EXERCISE BRIEF >> Reproduce the data that follows character for character, but omit its pictures.

DATA SECTION >>
——————————
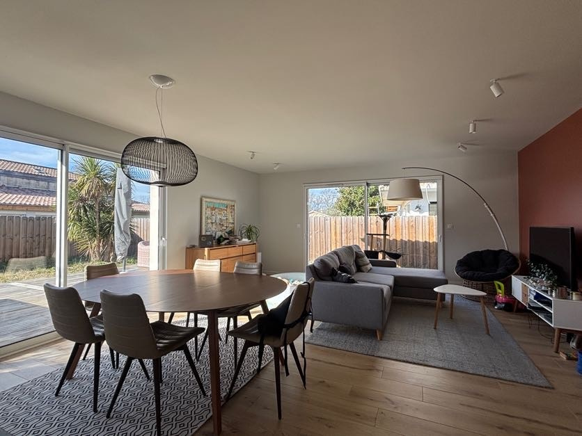 EXCLUSIVITE - LE TEICH - Découvrez cette charmante maison à proximité immédiate des commerces. Construite en 2022 sur un terrain d'environ 490 m², elle offre un espace de vie agréable d'environ 104 m², idéal pour une famille. La cuisine est entièrement équipée et ouverte sur un salon traversant lumineux se prolongeant à l'extérieur d'une terrasse en bois. Ce bien comprend 3 chambres, dont une suite parentale avec salle d'eau privative, une salle de bains et un WC indépendant. Une buanderie et un garage attenant d'envrion 15 m² complètent le bien. Pour plus d'informations n'hésitez pas à nous contacter !
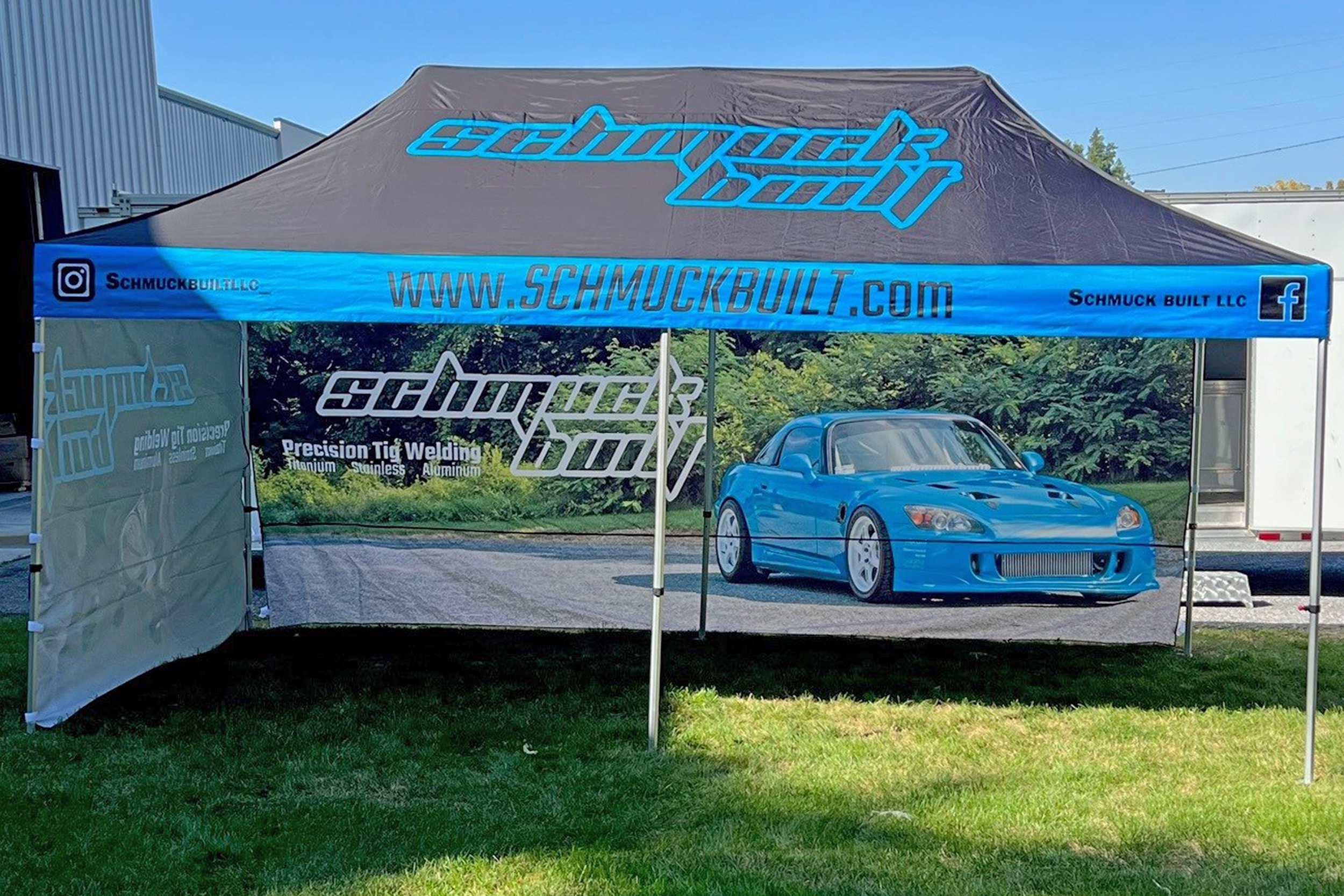 Do you offer vehicle products or services that are unique and cool in the auto, motorcycle or truck world? Not everyone can do what you do, so why not make an impact with your advertising? Our custom tents for unique, one of a kind products or services for vehicle customization and services will fit the bill at any car show, trade show or local event. Whether it is headlight restoration, custom welding, mobile repairs or whatever, use a bright, colorful tent to attract your customers to the best the market has to offer.  Branded with your logo, your contact info will be easily accesible to hundreds of people at one time.  Not to mention its a great place to have a conversation in comfort and shelter from the elements.
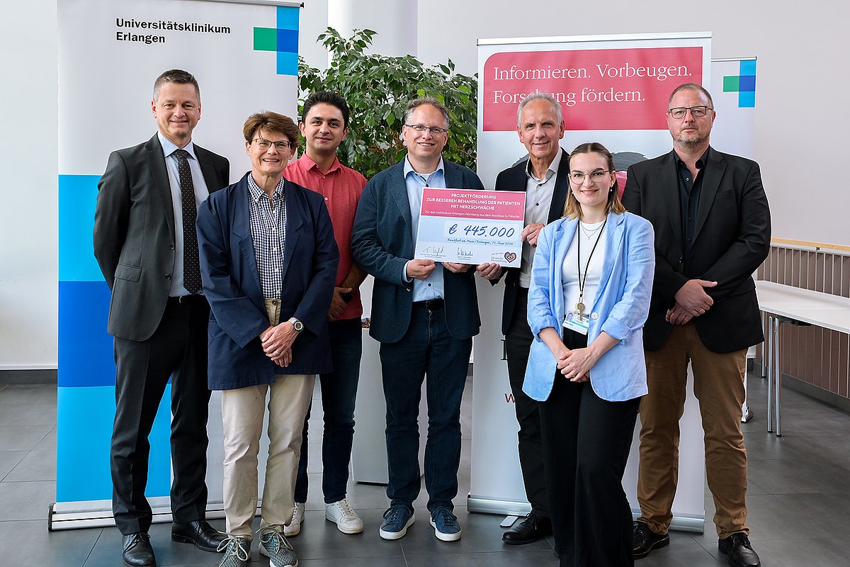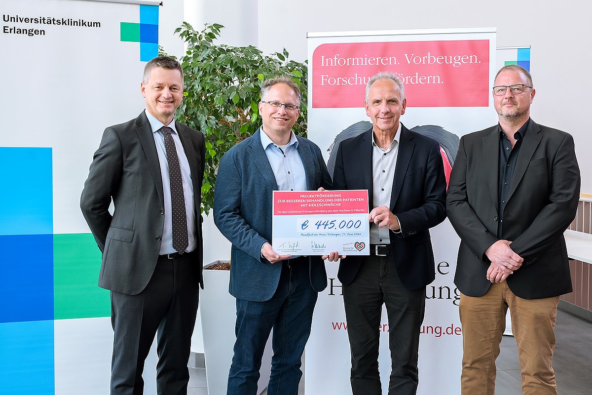 „Wir sind der Deutschen Herzstiftung und vor allem auch den Spendenden Gisela und Herbert Fälschle sehr dankbar für die großzügige finanzielle Unterstützung“, sagte Prof. Engel bei der Scheckübergabe. „Dadurch erhalten wir die Möglichkeit, unsere Forschungsarbeiten im Bereich des 3-D-Drucks von Herzgewebe erheblich zu intensivieren und schneller Fortschritte zu erzielen.“ Die Deutsche Herzstiftung widmet sich der Förderung von Forschungsprojekten im Bereich der Herz-Kreislauf-Erkrankungen. Geschäftsführer Martin Vestweber: „Wir sind stolz darauf, Projekte wie den 3-D-Herzdruck unterstützen zu können, die einen echten Unterschied im Leben von Patientinnen und Patienten machen können.“ Die Fördersumme von 445.000 Euro stammt aus dem Nachlass der Eheleute Gisela und Herbert Fälschle, die beide am Uniklinikum Erlangen in Behandlung waren und nun posthum ihre Dankbarkeit zum Ausdruck bringen möchten, verdeutlichte ihr Neffe Stefan Winderlich, der den Nachlass verwaltet.
——————————
RESULT OF THE TASK >>
 EXCLUSIVITE - LE TEICH - Découvrez cette charmante maison à proximité immédiate des commerces. Construite en 2022 sur un terrain d'environ 490 m², elle offre un espace de vie agréable d'environ 104 m², idéal pour une famille. La cuisine est entièrement équipée et ouverte sur un salon traversant lumineux se prolongeant à l'extérieur d'une terrasse en bois. Ce bien comprend 3 chambres, dont une suite parentale avec salle d'eau privative, une salle de bains et un WC indépendant. Une buanderie et un garage attenant d'envrion 15 m² complètent le bien. Pour plus d'informations n'hésitez pas à nous contacter !
 Do you offer vehicle products or services that are unique and cool in the auto, motorcycle or truck world? Not everyone can do what you do, so why not make an impact with your advertising? Our custom tents for unique, one of a kind products or services for vehicle customization and services will fit the bill at any car show, trade show or local event. Whether it is headlight restoration, custom welding, mobile repairs or whatever, use a bright, colorful tent to attract your customers to the best the market has to offer.  Branded with your logo, your contact info will be easily accesible to hundreds of people at one time.  Not to mention its a great place to have a conversation in comfort and shelter from the elements.
 „Wir sind der Deutschen Herzstiftung und vor allem auch den Spendenden Gisela und Herbert Fälschle sehr dankbar für die großzügige finanzielle Unterstützung“, sagte Prof. Engel bei der Scheckübergabe. „Dadurch erhalten wir die Möglichkeit, unsere Forschungsarbeiten im Bereich des 3-D-Drucks von Herzgewebe erheblich zu intensivieren und schneller Fortschritte zu erzielen.“ Die Deutsche Herzstiftung widmet sich der Förderung von Forschungsprojekten im Bereich der Herz-Kreislauf-Erkrankungen. Geschäftsführer Martin Vestweber: „Wir sind stolz darauf, Projekte wie den 3-D-Herzdruck unterstützen zu können, die einen echten Unterschied im Leben von Patientinnen und Patienten machen können.“ Die Fördersumme von 445.000 Euro stammt aus dem Nachlass der Eheleute Gisela und Herbert Fälschle, die beide am Uniklinikum Erlangen in Behandlung waren und nun posthum ihre Dankbarkeit zum Ausdruck bringen möchten, verdeutlichte ihr Neffe Stefan Winderlich, der den Nachlass verwaltet.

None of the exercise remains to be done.